DWC also played a role in absorbing and maintaining traffic through the period of instability. Together, the two airports kept handling millions of passengers and large cargo volumes while airlines adjusted schedules around changing restrictions, partial resumptions and the gradual reopening of regional routes.
Griffiths framed the recovery as an operational task rather than a symbolic milestone. His statement did not describe a full return to previous traffic patterns overnight; it described a scaling-up process, tied closely to the routing capacity now available across the region and to coordination with airlines restoring their schedules.

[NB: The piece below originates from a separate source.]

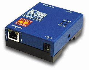 Cyclades Device Server: The Cyclades TS100 is a powerful yet highly compact device server used to connect various serial devices to a TCP/IP network. Typical applications include industrial automation and control, out-of-band network management, retail automation and connecting various types of serially interfaced devices to networks. The device provides interface ports for both 10/100Mb Ethernet and RS-232/RS-485 serial lines, allowing it to integrate legacy instruments and systems having serial interfaces to broadband networks using TCP/IP. Unlike its competitors, which are typically based on proprietary software models, the TS100's built-in embedded Linux OS and other open-source software make it easy to customize operation of the TS100. Although not much larger than a deck of playing cards (2.8" × 3.4" × 1.2"), the TS100 contains not just one but two microprocessors. This is possible thanks to the use of Motorola's MPC855T “PowerQUICC Integrated Communications Processor”. The MPC855T is a dual-core system-on-chip processor that includes a PowerPC core processor (running at 50MHz) plus a separate RISC engine specifically designed to off-load communication tasks. Memory resources consist of 16MB of SDRAM, plus a 4MB Flash disk from which the firmware is uncompressed and loaded into a RAM disk at boot time. The device's embedded Linux OS is based on a 2.2.14 kernel, along with a variety of open-source utilities including the GoAhead web server (for web-based setup and management of the device), Portslave, OpenSSH 3.1, crontab, BusyBox, net-tools, rsyncm and others. Cylades started from MontaVista's Hard Hat Linux 1.2 and added their own in-house customization. (See www.cyclades.com.)

That cautious sequencing fits the recent record. UAE airspace was only fully restored on May 2, 2026, and the system had gone through more than two months of shifting conditions since the partial closure on February 28, 2026, including a temporary suspension of DXB services and a staged rebuilding of airline operating levels.
Strong travel demand persisted through all of it, Griffiths said, a point borne out by the volume that continued to move through Dubai even under constrained conditions. More than 6 million passengers passed through DXB and DWC from late February, a reminder that Dubai Airports remained active even when the regional airspace picture was far from stable.
The next phase now rests on execution: more flight movements, more restored schedules, and more capacity at DXB, all linked to a regional air network that has returned to normal after weeks of disruption. Griffiths summed up the shift in a single sentence: “Now that UAE airspace is fully restored, we are scaling up operations and increasing flight movements in line with available regional routing capacity.”